Ruim 1 miljoen mensen in Nederland hebben type 2 diabetes, en in 2040 zijn dat er naar schatting 1,5 miljoen. Als we nu al zouden weten wie de mensen zijn die in 2040 type 2 diabetes hebben gekregen zouden we wellicht kunnen voorkomen dat ze diabetes krijgen, of de diagnose kunnen uitstellen. En die 1 miljoen mensen met type 2 diabetes, die behandelen we nu allemaal volgens dezelfde behandelrichtlijn. We baseren die behandelrichtlijn op gerandomiseerde klinische studies, waarin de een bepaalde behandeling gemiddeld genomen beter bleek dan een andere behandeling. Maar geldt dat ook voor de patiënt die tegenover je in de spreekkamer zit? Een behandeling waarvan de meerwaarde niet kon worden aangetoond staat niet in de richtlijn. Terwijl het best mogelijk is dat bij een subgroep van de onderzochte populatie de behandeling wel degelijk effectief is. En bovendien verschilt de studiepopulatie vaak van de doelpopulatie wat betreft genetische en socio-economische achtergrond. Voor een deel van de patiënten doen we het misschien niet goed genoeg als we strikt de richtlijn volgen.
Tijdens de EASD liet dr. Shivani Misra onderstaande dia zien. Vier mensen met de diagnose type 2 diabetes, ieder met eigen genetische opmaak, en eigen omgevingsfactoren. Moeten die allemaal volgens dezelfde richtlijn gediagnosticeerd en behandeld worden?
Precisiegeneeskunde is erop gericht de foutmarge van preventie, diagnostiek of therapiekeuze zo klein mogelijk te maken. Dat kan door bijvoorbeeld gebruik te maken van een genscore, een combinatie van voorspellende biomarkers of metabole kenmerken, die afkomstig zijn van een referentiegroep. Precisiegeneeskunde is overigens niet hetzelfde als gepersonaliseerde zorg, maar meer een tussenstap in de richting van gepersonaliseerde zorg. Bij gepersonaliseerde zorg wordt gebruik gemaakt gegevens die direct van het individu zelf afkomstig zijn, zoals bijvoorbeeld een genmutatie, de nierfunctie of CGM data.

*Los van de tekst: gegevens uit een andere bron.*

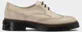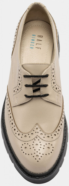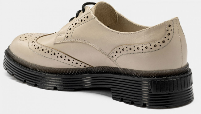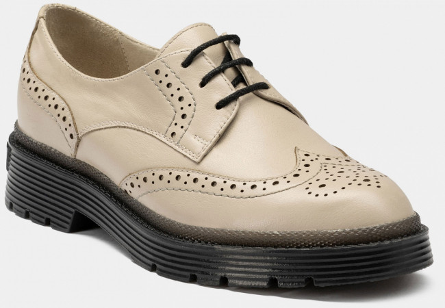 Изящные женские дерби CORA выполнены из гладкой качественной кожи. Декоративная перфорация делает данную модель модной и в то же время выделяющейся из большинства современной обуви. Туфли подходят для теплой погоды в демисезонный период. Высокая подошва защитит ноги в дождь, а шнуровка позволит отрегулировать объем. Модель легко совмещать с деловой одеждой, а также с образами в городском стиле.

In 2003 werd het Human Genome Project voltooid, en kunnen we met genoombrede associatiestudies (GWAS) naar verbanden zoeken tussen genmutaties en ziektes. GWAS hebben mede de basis gelegd voor de zoektocht naar biomarkers: eiwitten die bijvoorbeeld gerelateerd zijn aan de kans om diabetes te ontwikkelen of gerelateerd aan de kans om gunstig te reageren op een bepaalde behandeling. Farmaceutische bedrijven investeren veel geld hierin, omdat biomarkers aangrijpingspunten kunnen zijn voor nieuwe medicijnen. Vooral in de oncologie wordt hier al volop gebruikt gemaakt in de dagelijkse praktijk, denk bijvoorbeeld aan immunotherapie.
Sceptici zeggen dat de enorme investeringen van de afgelopen jaren in genomics, proteomics en metabolomics de kwaliteit van diabeteszorg tot nu toe nauwelijks verbeterd hebben, en dat toekomstige preventieve en behandelstrategieën voor specifieke subgroepen alleen in rijke landen betaalbaar zullen zijn. Voorstanders van precisiegeneeskunde zeggen dat juist gerichte interventie zal leiden tot betere en goedkopere zorg, en dat juist daarom ook de minder rijke landen van precisie geneeskunde zullen profiteren.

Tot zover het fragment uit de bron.